Additionally, company chief executive Walter W. Buckley III owns about 4.8 percent of the company's shares while ICGE officials Kenneth Fox and Douglas Alexander own 4.5 percent and 2.5 percent, respectively. Overall, insiders control about 92 percent of the shares, while institutions own 8 percent.

Commerce One, a business-to-business e-commerce services provider that gained more than 2,700 percent from its offer price in July 1999 by year end, counts among its leading shareholders Morgan Stanley Dean Witter, which owns more than 5 percent; Fidelity Management, which owns 2.44 percent; and Merrill Lynch, which owns 2.3 percent.

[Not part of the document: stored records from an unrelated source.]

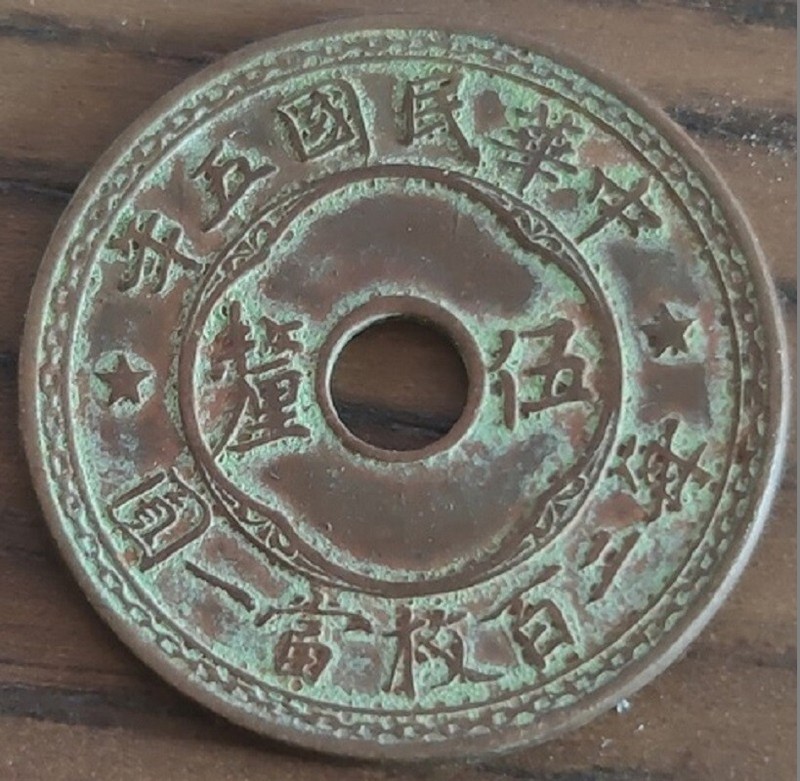 Republic Of China Five-Year Middle Hole 5 Li Copper Coin
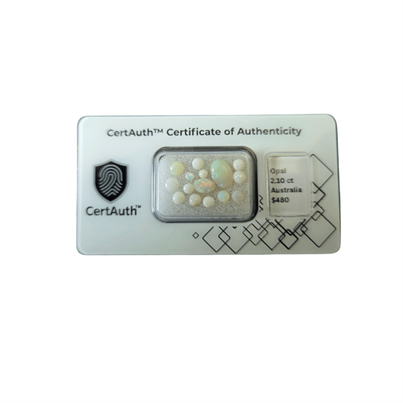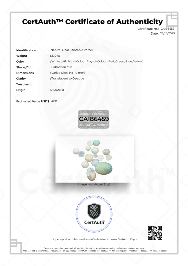 NATURAL 2.10CT WHITE OPAL MINTABIE PARCEL CABOCHON MIX WITH CERTAUTH DIGITAL CERTIFICATE This Natural Opal (Mintabie Parcel) Displays A White Body Colour With Multi-Colour Play-Of-Colour Including Red, Green, Blue, And Yellow. With A Total Weight Of 2.10 Ct, These Earth-Mined Opals Are Fashioned In A Cabochon Mix With Varied Sizes. This Listing Includes A Certauth Digital Certificate Of Authenticity For Secure Online Verification.• Gemstone: Natural Opal (Mintabie Parcel)• Carat Weight: 2.10 Ct• Colour: White With Multi-Colour Play-Of-Colour (Red, Green, Blue, Yellow)• Cut: Cabochon Mix• Clarity: Translucent To Opaque• Treatment: ~• Dimensions: Varied Sizes (~3–10 Mm)• Origin: Australia• Certification: Certauth Digital Certificate (Ca186459)• Estimated Value: $480 Usd Condition: Good - Refer Images 0488473+20
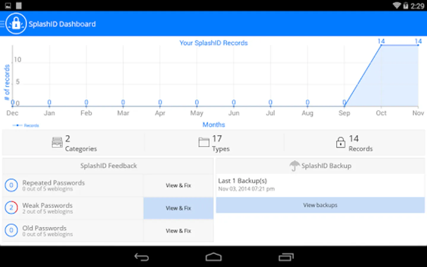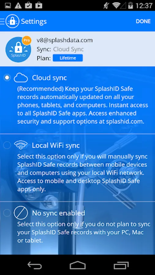 The app is free to use with basic record storage functionality. A one-year subscription to SplashID Pro gives you many additional features like sync across devices, Security Dashboard and Automated Backup for just $19.99. It's auto-renewed at the end of the year, or easily cancelled. Refer a friend to SplashID, and you both get a 25% discount on SplashID Pro!
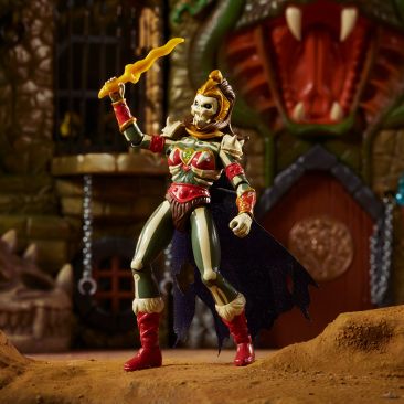 The Masters of the Universe Snake Lair is the fortress of Lady Slither and home base for the Snake Men. It was first featured in Classics Mini Comic #5, “He-Man vs. Skeletor! Their Final Battle!” but was never created in toy form. Now, you have the chance to bring it to life! The MOTU community voted it Eternia’s Choice, and we’ve incorporated fan feedback to shape the design. It’ll feature a throne room for Lady Slither, with a serpentine design exactly to her liking. Unwelcome visitors will be greeted with blasters, snatched up in capture devices, and placed into the iron maiden or snake shackles. No villain is complete without an evil steed, this set also features Lady Slither’s two-headed serpentine steed Chimera. This is your one and only chance, fund all the tiers and restore Lady Slither’s stronghold to its Preternian glory!
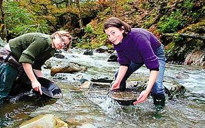 黛西便鼓動馬丁跟她一起去淘金, 以打造一對婚戒。說干就干,黛西和馬丁前往威爾士西部重鎮(zhèn)多爾蓋萊,在那里他們找到了一條有含金沙土的河流。在黛西的帶領(lǐng)下,他們在淺水河灘上挖了很多坑,淘出沙土用平底盤仔細(xì)篩查。

PurchasePro.com, another Internet business-to-business services provider, has Office Depot as one of its largest individual shareholders, with a 6.1 percent stake. Investment firms Columbus Circle Investors, Lord Abbett & Co. and Scudder Kemper Investments also own shares in the company.

Sometimes IPOs own other IPOs.

Take the example of VerticalNet. This fast-growing company, which owns and operates several dozen business-to-business Web sites, has Douglas Alexander, a director at Internet Capital Group, as chairman of its board of directors. VerticalNet's largest shareholder is none other than Internet Capital Group, which holds more than one-third of the company's outstanding shares.

Other notable investors include Wheatley Partners, with a 5.2 percent stake; Koch Ventures, with a 5 percent stake; and Boston-based Putnam Investment Management, with a 4.8 percent stake. Other big-name holders include Munder Capital Management and Janus Capital.

Overall, insiders own about 58 percent of VerticalNet's shares, while institutions own some 36 percent of outstanding shares.

Another company worth looking at is Vignette, a provider of Internet relationship software. Shareholders include CNET, the parent of News.com; Connecticut-based Pequot Capital Management; and Lucent Technologies' pension fund.

The bottom line is that while individual investors may have trouble getting into the hottest IPOs, plenty of institutions find easy entrance. Perhaps those seeking a piece of the IPO pie would do better to latch onto those who already have stakes in such deals, whether they be fund managers or companies that own other companies.